En effet, la grande diversité de situations pédo-climatiques de notre pays permet la culture d’un large éventail d’espèces fruitières et légumières et, pour plusieurs d’entre elles, une bonne couverture de campagne en termes de gammes et de calendrier. De plus, la professionnalisation des exploitations, le dynamisme des entreprises de transformation et la présence d’un dispositif de recherche et d’expérimentation public et privé conséquent concourent à l’optimisation des rendements et placent ces productions à un niveau qualitatif et technologique globalement élevé.

La France jouit aussi d’une position géographique intéressante et profite de sa proximité avec les principaux bassins de production ainsi qu’avec les zones de consommation de l’Europe pour positionner ses productions mais aussi pour accompagner le développement et la valorisation économique d’outils logistiques performants sur le territoire français.

La production française a donc un certain nombre d’atouts, néanmoins comme en témoignent les récentes crises, le secteur des fruits et légumes se trouve aujourd’hui face à plusieurs défis.

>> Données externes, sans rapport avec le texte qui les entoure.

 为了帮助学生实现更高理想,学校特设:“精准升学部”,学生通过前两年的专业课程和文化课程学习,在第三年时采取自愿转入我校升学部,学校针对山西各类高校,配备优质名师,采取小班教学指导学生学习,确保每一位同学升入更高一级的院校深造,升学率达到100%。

Pour rester compétitifs face à l’accentuation de la concurrence internationale, les producteurs doivent réduire leurs coûts de production, ce qui pour de nombreuses cultures légumières et fruitières passe par une réduction des charges de main d’œuvre. La mise en oeuvre de solutions permettant d’améliorer l’ingénierie de la production contribuera en outre à répondre au risque d’aggravation de pénurie de main d’œuvre.

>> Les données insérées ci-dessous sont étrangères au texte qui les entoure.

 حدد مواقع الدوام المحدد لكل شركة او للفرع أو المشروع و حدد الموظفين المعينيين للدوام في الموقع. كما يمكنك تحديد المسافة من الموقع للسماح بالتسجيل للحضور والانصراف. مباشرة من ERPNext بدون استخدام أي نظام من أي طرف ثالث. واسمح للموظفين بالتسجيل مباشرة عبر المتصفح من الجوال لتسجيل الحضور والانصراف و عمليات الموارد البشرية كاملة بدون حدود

L’apparition plus fréquente de nouveaux bio-agresseurs et le retrait de l’homologation à de nombreux produits phytopharmaceutiques sont également sources de préoccupations. Les organismes de recherche et d’expérimentation devront être en mesure de proposer, par la combinaison de différentes méthodes de lutte, des stratégies optimales à la fois pour la protection des plantes et le respect de l’environnement. De manière plus générale, les innovations permettant d’optimiser, voire de réduire, l’utilisation d’intrants devra être recherchée et encouragée pour satisfaire aux contraintes réglementaires qui ne vont pas se relâcher (normes environnementales, sécurité sanitaire).

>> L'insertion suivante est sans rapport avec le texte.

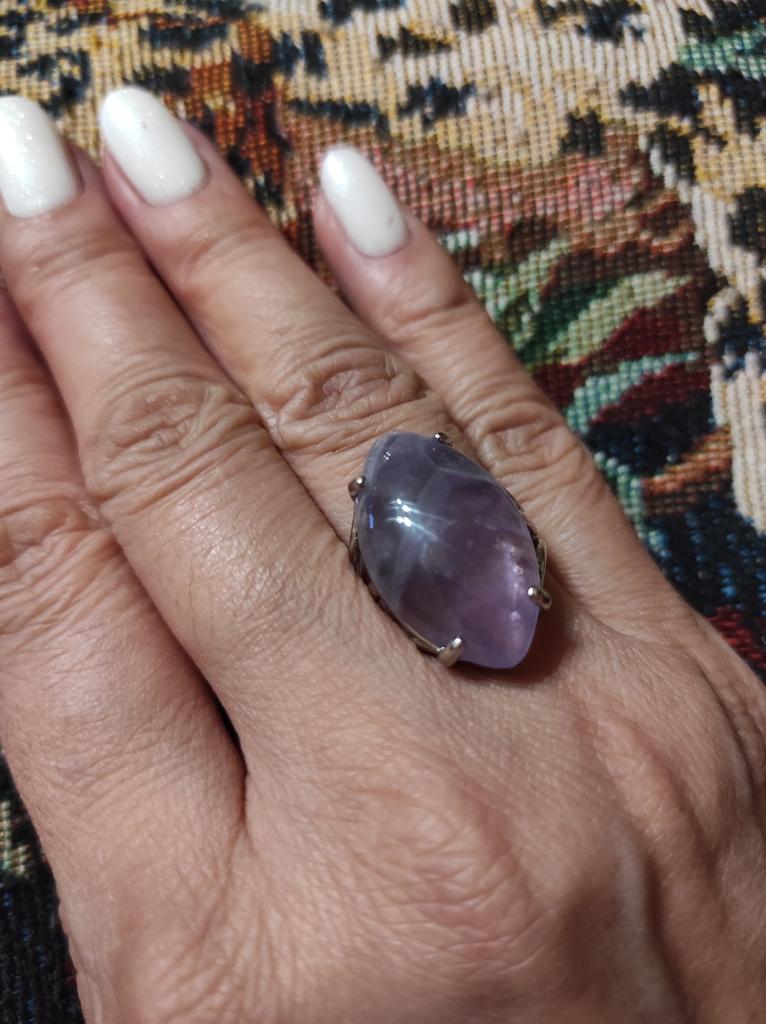 Very beautiful ring with amethyst. Neat work. The stone is well fixed. Looks great on the hand.

La résolution des problèmes techniques ne sera toutefois pas suffisante pour assurer la pérennisation des filières fruits et légumes. Le manque actuel de concertation des acteurs, couplé à la forte atomisation de l’offre, complique l’organisation commerciale et freine la valorisation de la

1

Ingénieur de recherche à l'INRA dpt SAD, directeur de la Station Expérimentale du Mas Blanc, Alenya.

Courriel : [email protected]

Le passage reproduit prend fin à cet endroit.